Task to carry out
Collect each line of the records containing the string "with".

Supplied material
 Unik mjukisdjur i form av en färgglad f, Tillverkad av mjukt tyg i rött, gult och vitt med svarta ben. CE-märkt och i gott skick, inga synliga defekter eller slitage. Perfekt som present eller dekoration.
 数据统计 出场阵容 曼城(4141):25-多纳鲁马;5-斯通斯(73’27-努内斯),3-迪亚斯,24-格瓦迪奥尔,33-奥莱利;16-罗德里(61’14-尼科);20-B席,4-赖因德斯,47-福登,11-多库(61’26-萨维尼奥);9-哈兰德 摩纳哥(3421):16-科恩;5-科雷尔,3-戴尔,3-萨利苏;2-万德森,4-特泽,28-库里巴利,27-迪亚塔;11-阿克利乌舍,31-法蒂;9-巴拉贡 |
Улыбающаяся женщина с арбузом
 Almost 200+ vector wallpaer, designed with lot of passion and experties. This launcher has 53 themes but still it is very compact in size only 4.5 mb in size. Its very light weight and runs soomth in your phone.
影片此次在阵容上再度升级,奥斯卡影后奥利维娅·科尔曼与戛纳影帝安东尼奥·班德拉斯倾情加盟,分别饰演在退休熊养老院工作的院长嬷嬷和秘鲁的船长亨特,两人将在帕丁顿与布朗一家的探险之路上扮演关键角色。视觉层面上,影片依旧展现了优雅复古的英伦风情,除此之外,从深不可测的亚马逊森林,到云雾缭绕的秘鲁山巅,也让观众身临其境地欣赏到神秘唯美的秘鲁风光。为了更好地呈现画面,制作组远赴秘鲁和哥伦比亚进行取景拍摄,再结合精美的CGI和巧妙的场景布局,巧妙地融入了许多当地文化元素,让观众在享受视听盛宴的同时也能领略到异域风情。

...

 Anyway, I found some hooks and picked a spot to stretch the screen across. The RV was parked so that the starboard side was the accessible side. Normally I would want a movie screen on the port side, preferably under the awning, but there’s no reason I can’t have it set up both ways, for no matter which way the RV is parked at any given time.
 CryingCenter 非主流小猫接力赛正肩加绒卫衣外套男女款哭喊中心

==

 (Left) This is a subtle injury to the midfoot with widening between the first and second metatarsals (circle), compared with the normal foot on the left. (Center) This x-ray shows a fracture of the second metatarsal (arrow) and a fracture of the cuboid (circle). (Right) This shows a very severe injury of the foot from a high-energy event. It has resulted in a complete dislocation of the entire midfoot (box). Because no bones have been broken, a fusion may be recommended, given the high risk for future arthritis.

Written solution
 Almost 200+ vector wallpaer, designed with lot of passion and experties. This launcher has 53 themes but still it is very compact in size only 4.5 mb in size. Its very light weight and runs soomth in your phone.
 (Left) This is a subtle injury to the midfoot with widening between the first and second metatarsals (circle), compared with the normal foot on the left. (Center) This x-ray shows a fracture of the second metatarsal (arrow) and a fracture of the cuboid (circle). (Right) This shows a very severe injury of the foot from a high-energy event. It has resulted in a complete dislocation of the entire midfoot (box). Because no bones have been broken, a fusion may be recommended, given the high risk for future arthritis.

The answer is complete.